Sunday, February 20, 2011

Yoga, Yoga Everywhere...

My first beloved yoga teacher likes to travel a lot. Over the years she has often sent me pictures of herself doing various yoga poses in various locations—like tree pose in front of the Taj Mahal in India, or against a backdrop of the Rockies. I haven’t traveled far and wide as she has, but when I do go somewhere I often have that same desire to do a yoga pose. Thus, the picture of me above, in Tennessee’s Smoky Mountains, en route to Asheville, North Carolina to visit family (apologies for the imperfect alignment—it was blustery cold and I didn’t want to take my socks off!)
            In fact, one of the handiest and most interesting things about yoga is it’s a very portable form of exercise (yes, you can even “do it” in the car, at your desk, in the bathtub, or on an airplane). But even more portable than the asanas or postures, is the yogic philosophy. It’s pretty much expected that if you are a true yogi or yogini, you will take your yoga with you wherever you go.

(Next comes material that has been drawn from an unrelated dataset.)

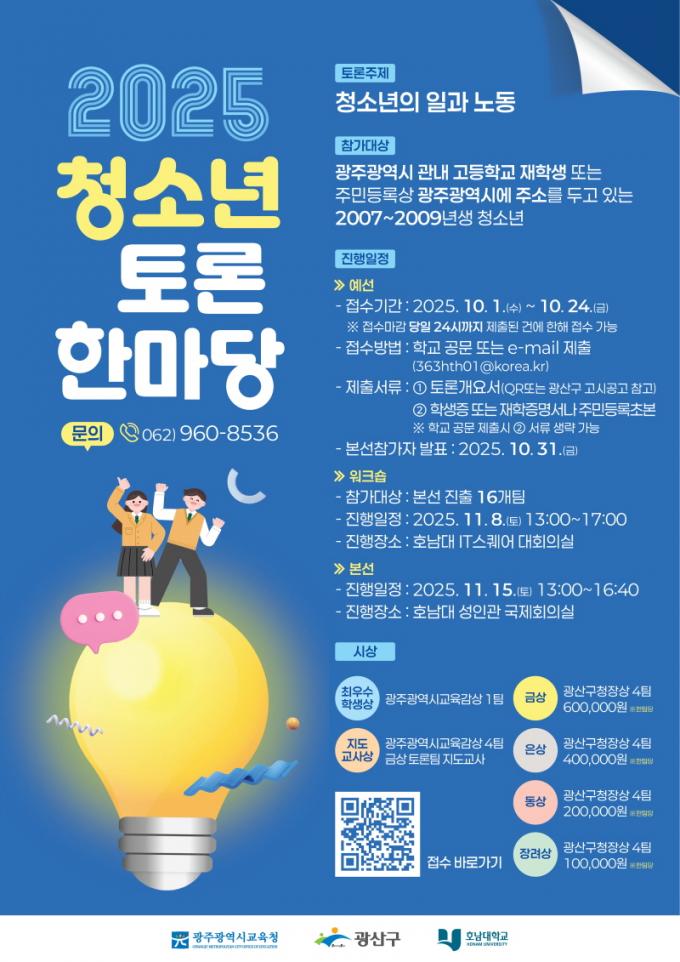 û¼Ò³â Åä·ÐÇѸ¶´çÀº È£³²´ëÇб³, ±¤ÁÖ±¤¿ª½Ã±³À°Ã»°ú ÇÔ²² °øµ¿ ÁÖ°üÇÏ´Â Çà»ç·Î, û¼Ò³âÀÇ Àϰú ³ëµ¿À» ÁÖÁ¦·Î ÇÑ´Ù. Âü¿© ´ë»óÀº ±¤ÁÖ±¤¿ª½Ã Áö¿ª ³» °íµîÇб³ ÀçÇлý ¶Ç´Â Áֹεî·Ï»ó ±¤ÁÖ±¤¿ª½Ã¿¡ ÁÖ¼Ò¸¦ µÎ°í ÀÖ´Â 2007¡2009³â»ý û¼Ò³âÀ¸·Î, 2ÀÎ 1ÆÀÀ¸·Î Âü°¡ÇÒ ¼ö ÀÖ´Ù.

            When I began to practice yoga seven years ago there was nothing I wanted more than to do a handstand. I would watch the other more advanced students in my classes with very un-yogic envy, as they all could do handstands, headstands, and arm balances. But though I can now do a handstand wherever I am (as long as there’s a wall), it’s not the poses that challenge me so much as the yogic vow of ahimsa, or non-harming, in thought, word, and deed. And then there’s compassion, acceptance,  forgiveness, nonattachment, and learning to be in the moment. Just to name a few of yoga’s tenets.

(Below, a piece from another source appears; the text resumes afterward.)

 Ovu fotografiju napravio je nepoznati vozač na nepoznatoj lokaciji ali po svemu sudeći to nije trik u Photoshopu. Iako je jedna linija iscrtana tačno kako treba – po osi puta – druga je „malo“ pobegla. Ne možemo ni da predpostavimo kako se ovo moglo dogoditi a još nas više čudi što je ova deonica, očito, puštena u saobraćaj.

            Using yoga in line at the grocery store or bank, when your college kid hasn’t called in a week or more, or when your computer keeps crashing—now that’s really doing yoga. Forget the handstand, the 31-minute chant without wiggling to scratch your nose, or the impossible “side crow” (not, unfortunately, a mixed drink). I guess the same could be said of any religion or philosophy—it’s easier to recite the rules than to actually follow them, and in fact, it’s the very hypocrisy, or, to use a kinder phrase, lack of commitment, that causes many people to give up all together. Though yoga isn’t a religion, you’re just not a yogi if you stand on your hands and then go home and kick your little dog.

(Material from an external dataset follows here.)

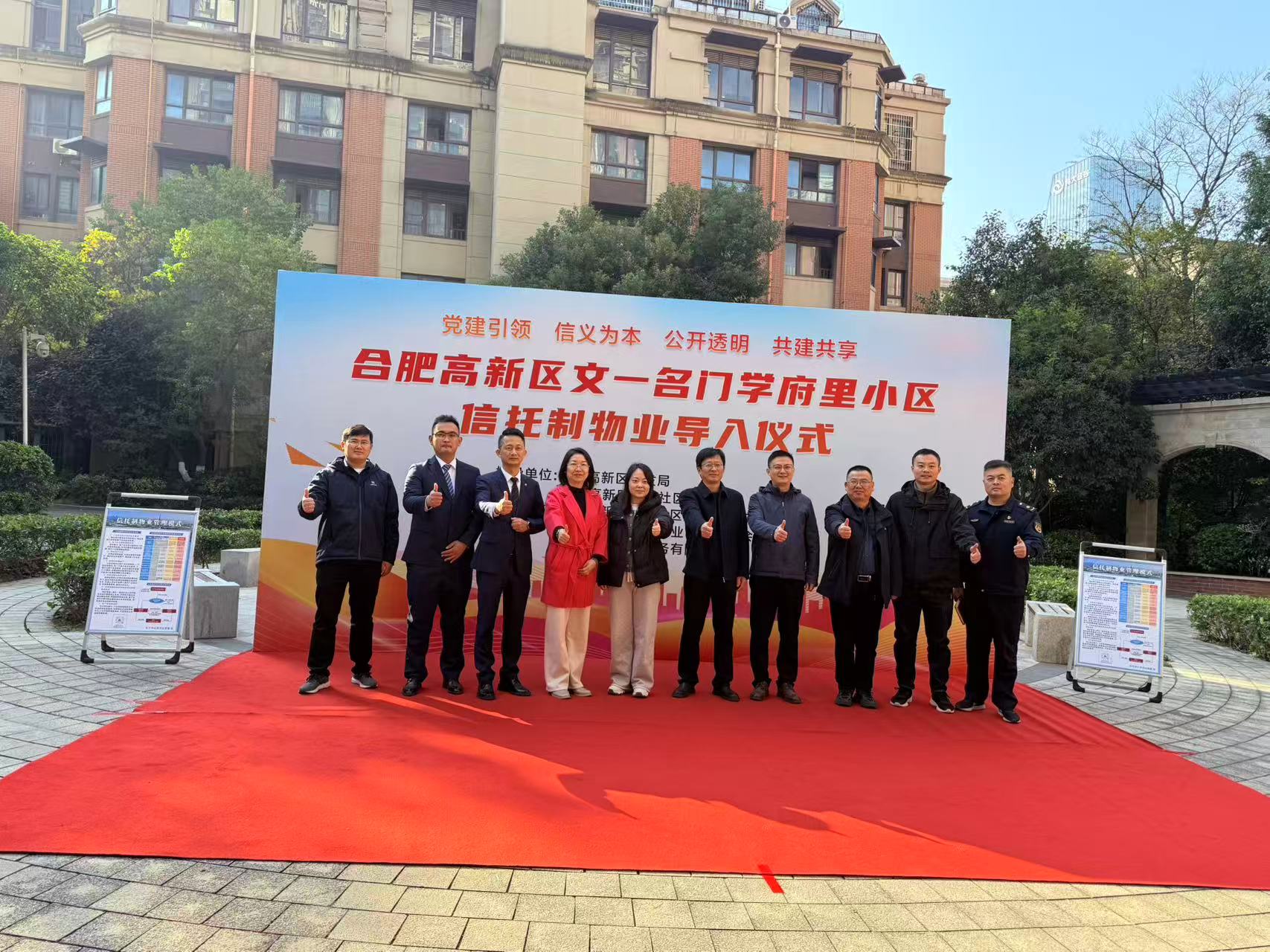 11月21日上午,合肥高新区文一名门学府里小区信托制物业导入仪式在双河社区隆重举行。区建发局、长宁社区服务中心、长宁派出所、双河社区负责人,文一片区党支部书记、文一物管委成员、物 ...

            Anyway, I love taking yoga on the road. And hopefully when I’m far too old and wobbly to balance on a ledge in the mountains (though at 93, B.K.S. Iyengar, one of yoga’s great gurus, is still reportedly proficient at all the asanas), I’ll still have a yoga heart. After all, it’s easy enough to bring a pose along on your travels--harder is remembering to always carry compassion in your back pocket.